**Excerpted records**
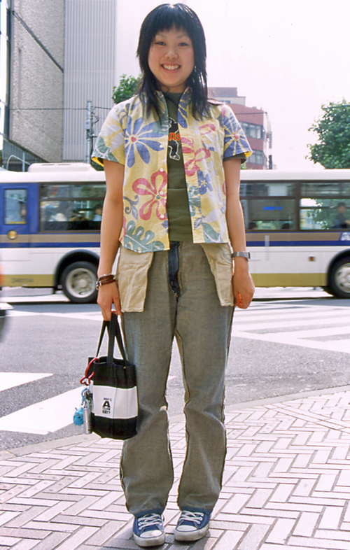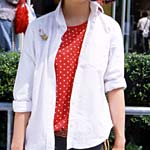 いちばん上にシャツを着用している女性すべて。シャツの定義は、衿があり、前後の身頃と前立て、袖で構成されてトップスで、前はボタンで全開するもの。ただし、色や柄、素材、袖の長さ、丈は問わない。
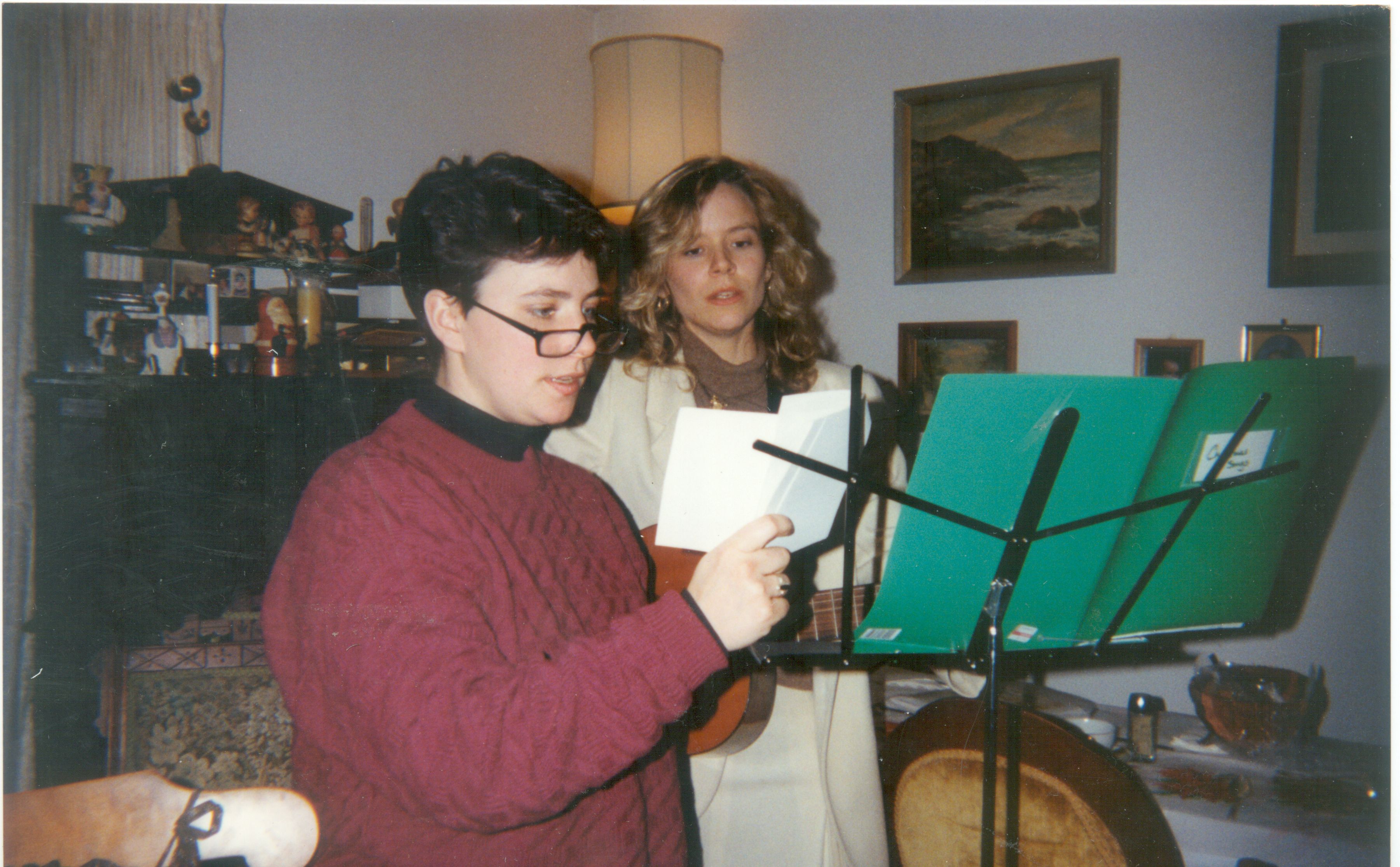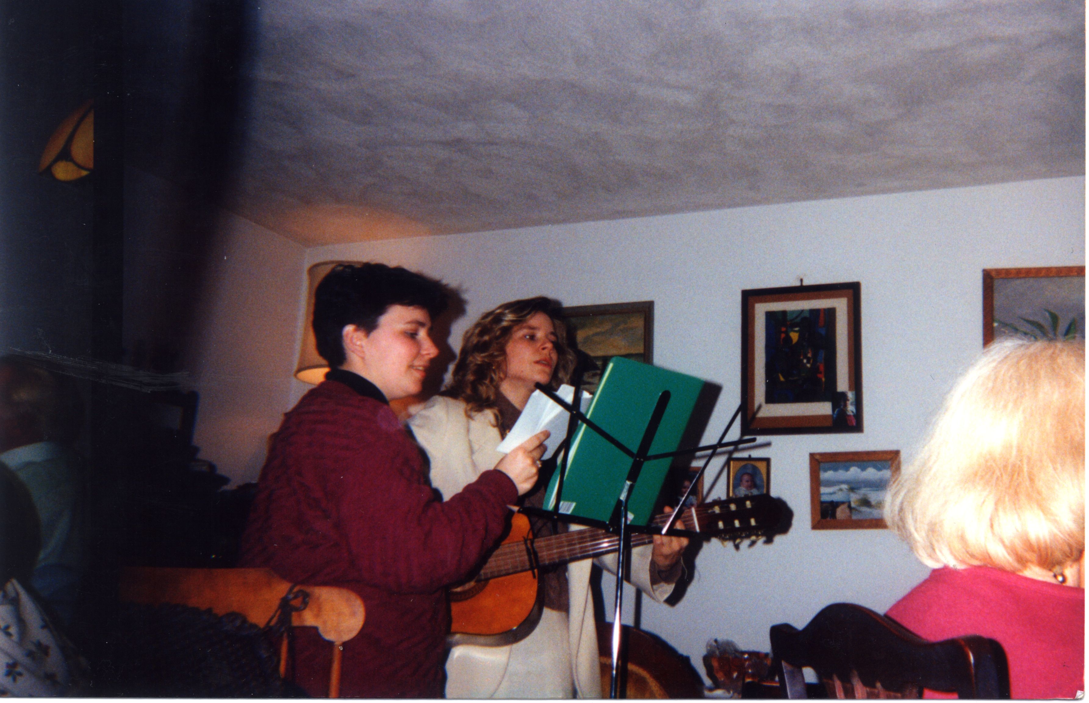 | pic268.jpg Jess and friend Stef singing, T'giving 1992 |
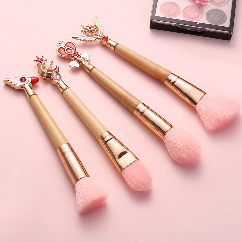 Лидер продаж! 4 стиля кисти для макияжа бамбуковая Кисть для макияжа Мягкая синтетическая коллекция волос розовая пудра румяна кисти с случ...
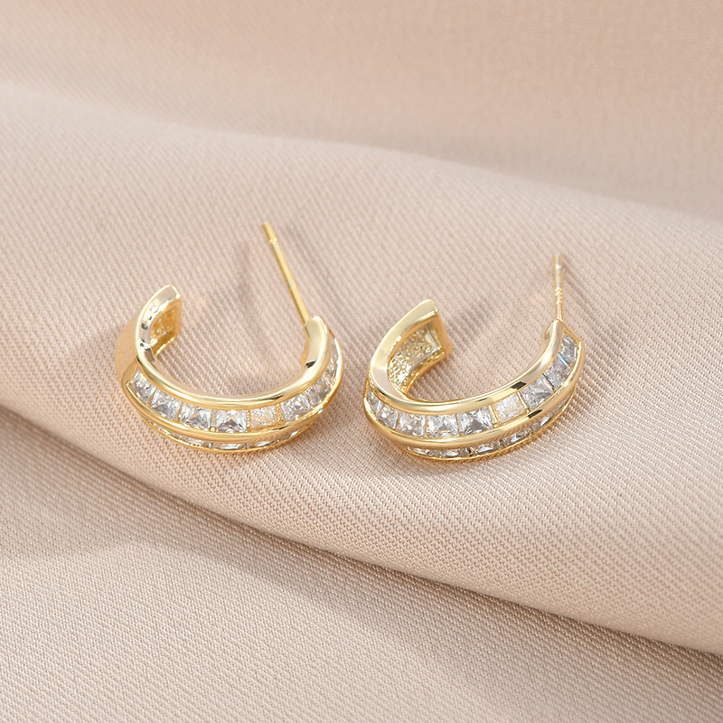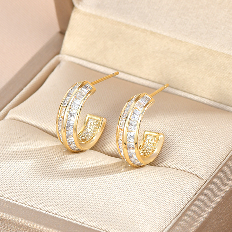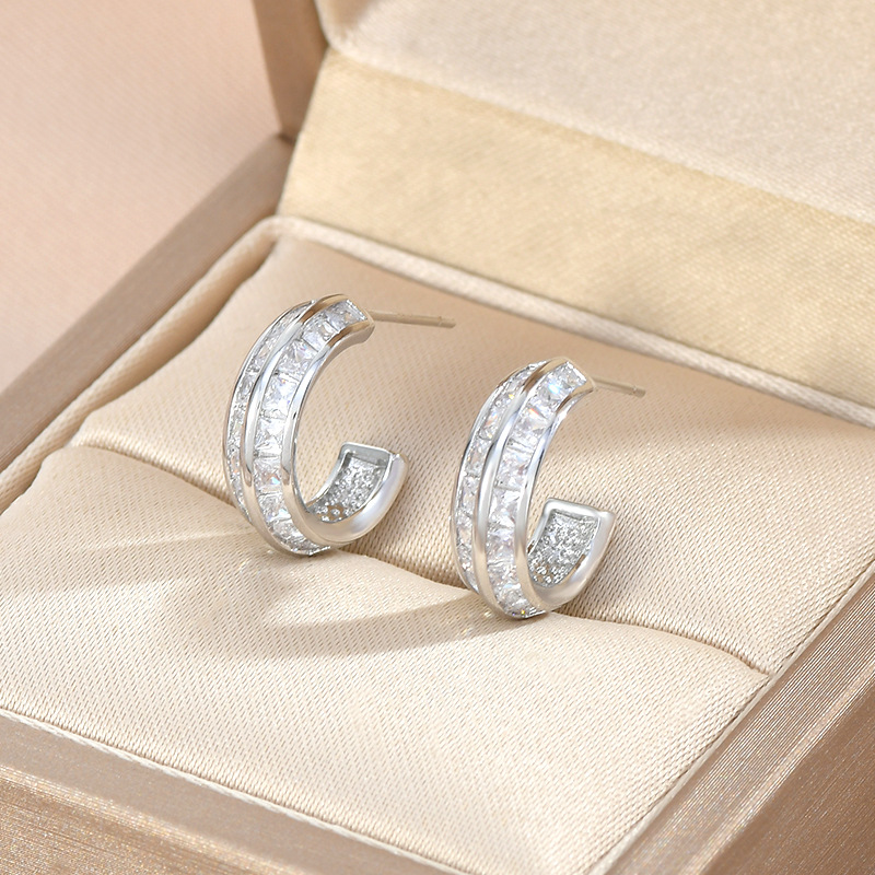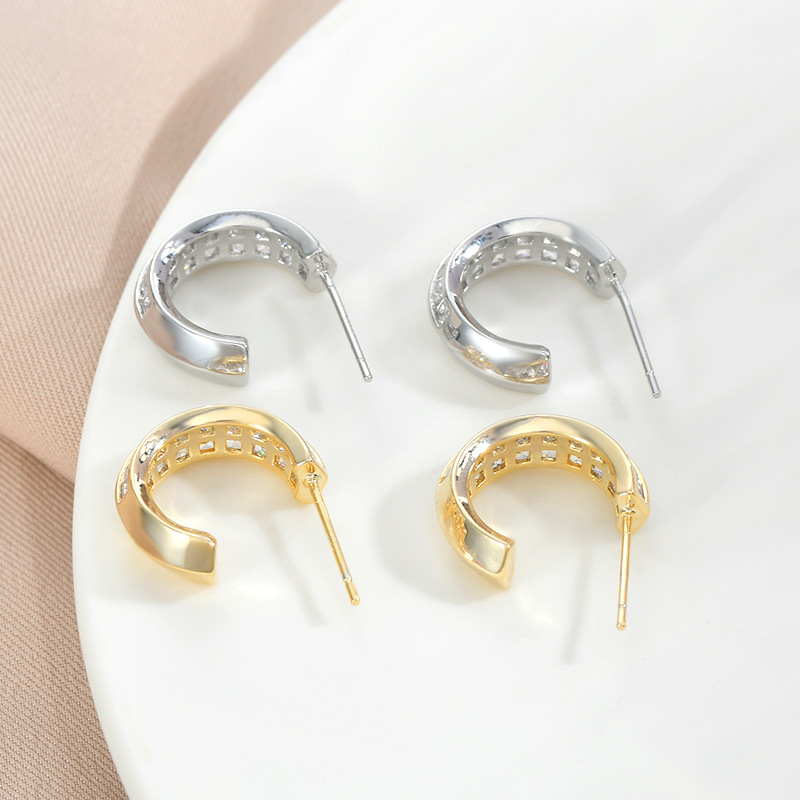 S925银针韩版时尚气质耳钉女小众设计感几何C形耳饰个性时尚耳坠 English | 投诉
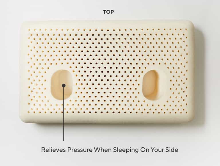 Made with pure, GOLS-certified organic Dunlop latex for breathable, long-lasting support. The aerated material is sculpted with indentations for the head and ears, offering premium comfort for both side and back sleepers.
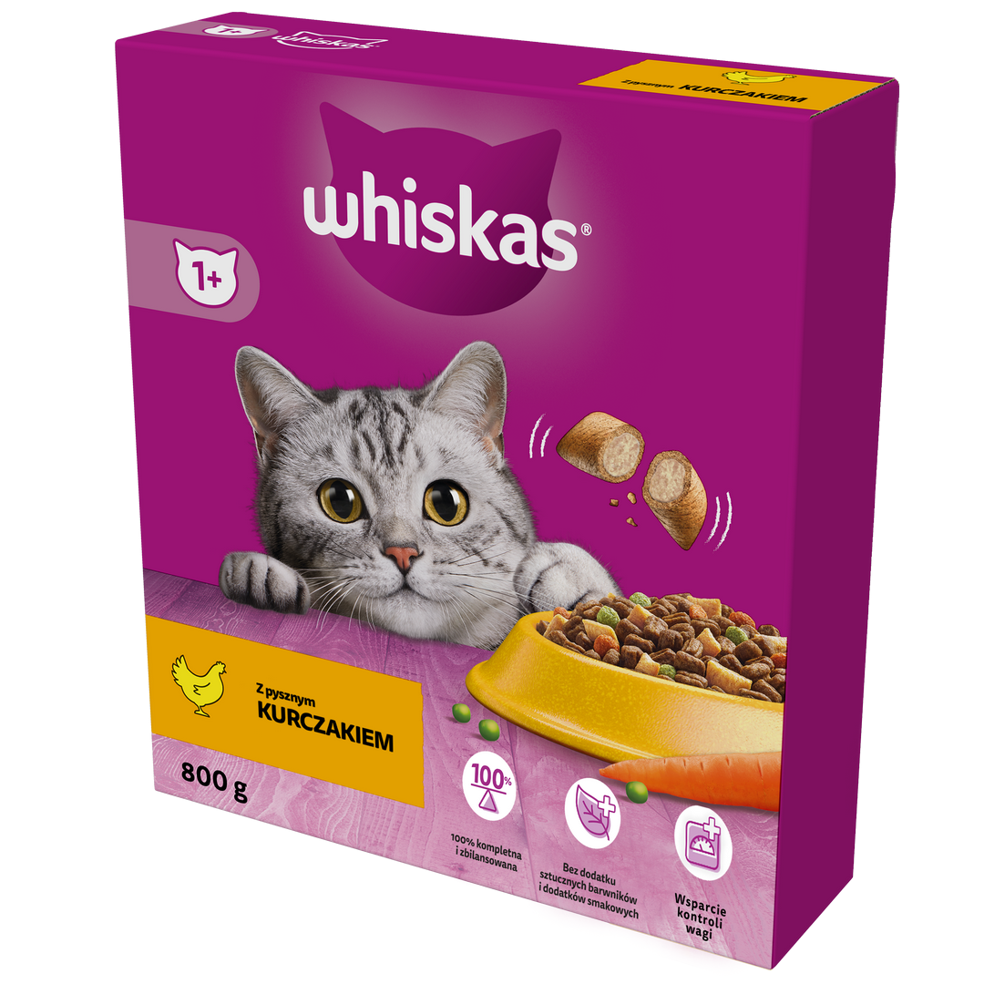 Whiskas Adult 800g Sucha Karma Pełnoporcjowa Dla Dorosłych Kotów Z Kurczakiem

**What you are asked to do**
What are the lines above from the one with "T'giving 1992 |" to the one with "Made with pure, GOLS-certified", both included? Reproduce them exactly, without pictures.

**Task response**
 | pic268.jpg Jess and friend Stef singing, T'giving 1992 |
 Лидер продаж! 4 стиля кисти для макияжа бамбуковая Кисть для макияжа Мягкая синтетическая коллекция волос розовая пудра румяна кисти с случ...
 S925银针韩版时尚气质耳钉女小众设计感几何C形耳饰个性时尚耳坠 English | 投诉
 Made with pure, GOLS-certified organic Dunlop latex for breathable, long-lasting support. The aerated material is sculpted with indentations for the head and ears, offering premium comfort for both side and back sleepers.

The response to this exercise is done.